To advance his expertise in the semiotics of the face, he trained in the Facial Action Coding System (FACS) at the University of California, Berkeley, United States and at I&G Management in Milan, Italy, as well as in the Neuropsychological Gesture Coding System (NEUROGES) at the German Sports University Cologne, Germany. In addition, he conducted grant-supported research on automated facial behavior analysis at the Fraunhofer Institute for Integrated Circuits in Erlangen, Germany and on the forensic science of facial reconstruction at the Forensic Anthropology Center at Texas State University, in San Marcos, Texas, United States. His research is published in Biosemiotics, Chinese Semiotics Studies, Cybernetics and Human Knowing, the International Journal of Semiotics and Visual Rhetoric, The MIT Press’s Leonardo, Sign System Studies, and Transactions of the Charles S. Peirce Society, among other journals and volumes. He presently is preparing an edited volume Signs, A Woman’s View: Victoria Welby and Welbyian Significs, which he is co-editing with Susan Petrilli (University of Bari Aldo Moro, Italy) in the Women in the History of Philosophy and Sciences book series (Springer Nature, 2026), and a monograph Face Time: A Biosemiotic Pragmatism of Facial Chronometry in the Biosemiotics book series (Springer Nature, 2027). His scholarship centers around the pragmatist semioethics of psychological science. In particular, his research focuses on dynamic human facial behavior, its modelling, and measurement in the equipped cognition of epistemic practices across contemporary and historical psychology.
Brian Khumalo, MSocSci is an anthropologist and biosemiotician. Currently, Khumalo is a doctoral candidate in the Anthropology Department at the University of Florida in Gainesville, Florida, United States. Khumalo received a Master’s in Anthropology from Rhodes University in Grahamstown, South Africa in 2022, studies which he completed as an Erasmus+ Mobility Researcher at the University of Lille, France. Khumalo received a joint BA in Anthropology and Jurisprudence, also from Rhodes University, in 2018.

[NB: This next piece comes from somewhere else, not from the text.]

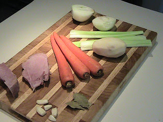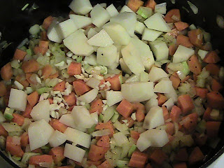 Heat a little oil in a large pot and saute the onions, celery and carrots over medium heat until soft, but not brown.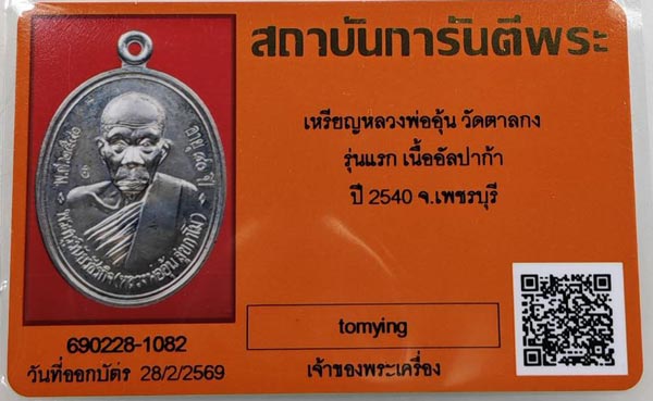 เหรียญรุ่นแรกหลวงพ่ออุ้น วัดตาลกง จ.เพชรบุรี เนื้ออัลปาก้า บล็อคหัวขีด นิยม พร้อมบัตรรับรอง

He has primarily studied cooperation in the management of freshwater fisheries resources among recreational fishers using ethnography and game theory. He has worked on similar environmental research projects in South Africa, Tanzania, Seychelles, and the Solomon Islands, that had been supported by the Global Challenges Research Fund in the United Kingdom, Belmont Forum in Australia, National Research Foundation in South Africa, and National Science Foundation in the United States, among other funding agencies. As a biosemiotician, he regularly collaborates with primatologists to better understand non-linguistic communication, focusing primarily on facial and gestural behavior. He is also interested in meaning-making as a core component of the extended evolutionary synthesis, having published on this topic in journals including Phenomenology and the Cognitive Sciences and Biosemiotics. His research lies at the intersection of cognitive anthropology and human ecology, specifically in understanding cultural cognition as it relates to environmental management and decision-making.